The opposite tradeoffs are present in the use of mechanical sector scanning. Beam steering is provided by the physical oscillation of the transducer, which may be a simple, single-element crystal. The electronic complexity necessary to process a multitude of returning echo information signals may thereby be reduced or substantially eliminated. This savings in the cost of the electronics is due, of course, to the provision of a mechanical scanning mechanism with a motor, moving parts and the necessity of tracking the instantaneous orientation of the transducer so that the received echo information may be coordinated with the physical location of the echo information sources.
It is thus desirable to use a mechanical scanning technique which is simple, inexpensive, and reliable. Furthermore, the probe with its mechanical oscillation mechanism should be small and easy to handle by a user. A desirable probe of this type is a so-called in-line probe, in which the primary components are oriented in a line along the lengthwise axis of the probe. Such probes are notable for their desirable form factors which facilitate ease of use.
In accordance with the principles of the present invention, an ultrasonic sector scanning probe is provided employing a novel motive means for oscillating the transducer. The piezoelectric transducer is mounted to pivot about an axis. In line with the transducer is a cam swash plate which is rotatably driven and has its cam face oriented toward the transducer. A pair of pins are located between the cam swash plate and the transducer, and are positioned one on either side of the transducer pivot axis. As the cam swash plate turns, the pins move in a reciprocating manner to oscillate the transducer through an arc about its pivot axis. The oscillating mechanism has few moving parts and provides a simple translation of the rotary motion of the cam to oscillation of the transducer.
In the drawings:
FIG. 1 is a perspective view of an in-line ultrasonic probe constructed in accordance with the principles of the present invention;
FIG. 2 is a perspective view of a cam swash plate suitable for use in the probe of FIG. 1;
FIGS. 3a, 3b, and 3c illustrate different phases of a cycle of operation of an oscillating mechanism constructed in accordance with the principles of the present invention; and
FIG. 4 is a partially cross-sectional view of an in-line ultrasonic probe constructed in accordance with the principles of the present invention.
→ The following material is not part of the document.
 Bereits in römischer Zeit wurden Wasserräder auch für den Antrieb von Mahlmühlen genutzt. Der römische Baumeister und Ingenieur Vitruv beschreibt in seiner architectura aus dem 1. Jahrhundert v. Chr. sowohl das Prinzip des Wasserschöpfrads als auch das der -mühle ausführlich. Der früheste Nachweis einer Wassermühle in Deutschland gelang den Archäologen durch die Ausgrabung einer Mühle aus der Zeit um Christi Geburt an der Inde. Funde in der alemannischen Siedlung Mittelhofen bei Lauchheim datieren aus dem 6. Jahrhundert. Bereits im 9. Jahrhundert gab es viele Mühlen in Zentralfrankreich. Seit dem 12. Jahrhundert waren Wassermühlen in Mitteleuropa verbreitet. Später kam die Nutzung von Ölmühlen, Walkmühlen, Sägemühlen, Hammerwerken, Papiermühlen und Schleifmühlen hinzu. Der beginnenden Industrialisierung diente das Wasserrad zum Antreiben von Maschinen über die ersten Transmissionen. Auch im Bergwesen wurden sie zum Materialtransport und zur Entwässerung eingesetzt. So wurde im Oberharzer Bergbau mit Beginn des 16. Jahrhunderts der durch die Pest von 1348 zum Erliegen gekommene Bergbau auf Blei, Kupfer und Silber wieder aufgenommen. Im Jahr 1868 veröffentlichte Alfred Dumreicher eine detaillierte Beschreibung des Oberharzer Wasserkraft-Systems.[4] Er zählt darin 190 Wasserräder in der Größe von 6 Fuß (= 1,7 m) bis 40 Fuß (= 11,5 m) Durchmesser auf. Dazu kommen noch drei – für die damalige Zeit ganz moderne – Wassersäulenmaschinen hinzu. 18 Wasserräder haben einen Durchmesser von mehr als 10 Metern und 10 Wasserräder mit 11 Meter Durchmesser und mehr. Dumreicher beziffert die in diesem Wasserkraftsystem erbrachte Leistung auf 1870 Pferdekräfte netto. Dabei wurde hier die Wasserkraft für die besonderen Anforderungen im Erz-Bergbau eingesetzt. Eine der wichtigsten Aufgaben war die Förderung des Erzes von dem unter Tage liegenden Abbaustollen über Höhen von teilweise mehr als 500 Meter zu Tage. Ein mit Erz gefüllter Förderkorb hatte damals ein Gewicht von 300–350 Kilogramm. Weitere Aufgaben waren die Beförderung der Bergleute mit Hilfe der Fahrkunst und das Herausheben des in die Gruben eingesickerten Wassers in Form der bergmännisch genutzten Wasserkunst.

Referring to FIG. 1, an in-line ultrasonic probe constructed in accordance with the principles of the present invention is shown. The assembled probe includes a hard plastic case 10, with a transparent or translucent plastic cone 12 mounted at the end to enclose the transducer 16. A cable with a strain relief 11 exits the back of the case. The case is narrowed toward the cone end to allow a user to comfortably grip the probe in the manner of a writing instrument.
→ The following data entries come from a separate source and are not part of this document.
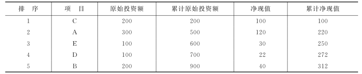 在资本限额为700万元时,首先按各项目的现值指数大小排序,并计算累计原始投资额和累计净现值数据,结果如表7-17所示。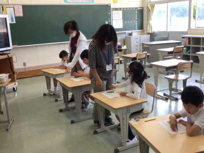国際学級では、算数のまとめのテストをしました。一人一人集中して学習しています。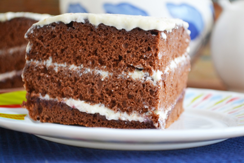 Смазала каждый корж кремом, приготовленным из творога, белого шоколада и сливочного масла, а между коржами выложила вишню без косточек. Собрала торт, смазав верх кремом.
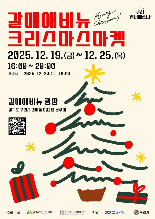 [국회의정저널] 구리시상권활성화재단은 오는 12월 19일부터 25일까지 갈매 애비뉴 광장에서 ‘2025 구리윈터페스타–갈매애비뉴 크리스마스 마켓’을 개최한다고 밝혔다.

The transducer 16 is held in a transducer mounting cup 18. A shaft passes through the mounting cup, with the ends of the shaft riding in bearings in a housing 14. Two reciprocating pins 20 and 22 engage the back of the mounting cup 18.
The ends of the pins 20 and 22 remote from the mounting cup 18 engage the cam surface of a cam swash plate 24, which is shown in FIG. 2. The cam swash plate 24 is made of Delrin or other plastic-like material so that the stainless steel pins 20 and 22 will travel smoothly along the cam face 25. At the back of the cam swash plate is a hole suitable for engaging a motor shaft. The operation of the cam swash plate 24 in accordance with the principles of the present invention is illustrated in FIGS. 3a, 3b, and 3c.
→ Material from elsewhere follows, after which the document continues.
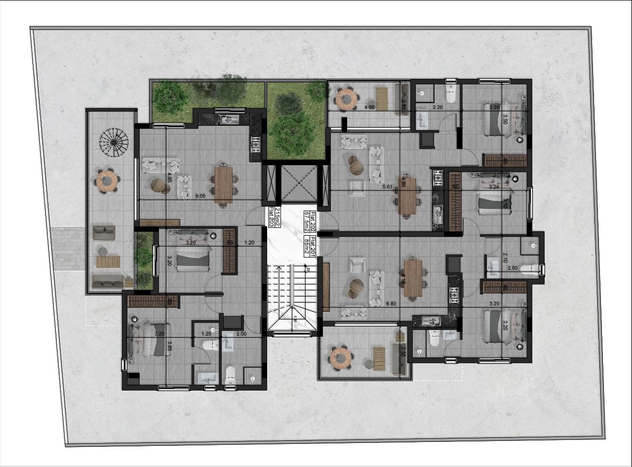 For sale a penthouse with a large roof terrace in the popular Livadia Livadia area. The modern design offers a comfortable layout – a living room with an open-plan kitchen and two comfortable bedrooms with bathrooms, as well as a covered veranda of 23m2. The city infrastructure is a few minutes away by car. The developer uses high-quality finishing materials and plumbing. Mo re is 7 minutes away by car.

In FIG. 3a, the cam swash plate 24 is mounted on a motor shaft 26. The motor shaft 26 is axially aligned with the center of the transducer 16 and transducer mounting cup 18. The motor shaft 26 is also aligned with the axis of the transducer shaft 30, about which the transducer pivots. The motor shaft 26 has a groove 27 etched in it, and a set screw 28 in the cam swash plate 24 rides in the groove. The set screw 28 does not clamp the cam swash plate tightly on the shaft, but rather serves to cause the cam to rotate with the motor shaft while allowing the cam to slide on the motor shaft as indicated by arrow 29. As will be seen in the embodiment of FIG. 4, this arrangement permits a spring to constantly urge the cam swash plate to the right and firmly in engagement with the pins 20 and 22. The pins 20 and 22 then contact the back of the mounting cup 18, and are located above and below the axis of the transducer shaft 30.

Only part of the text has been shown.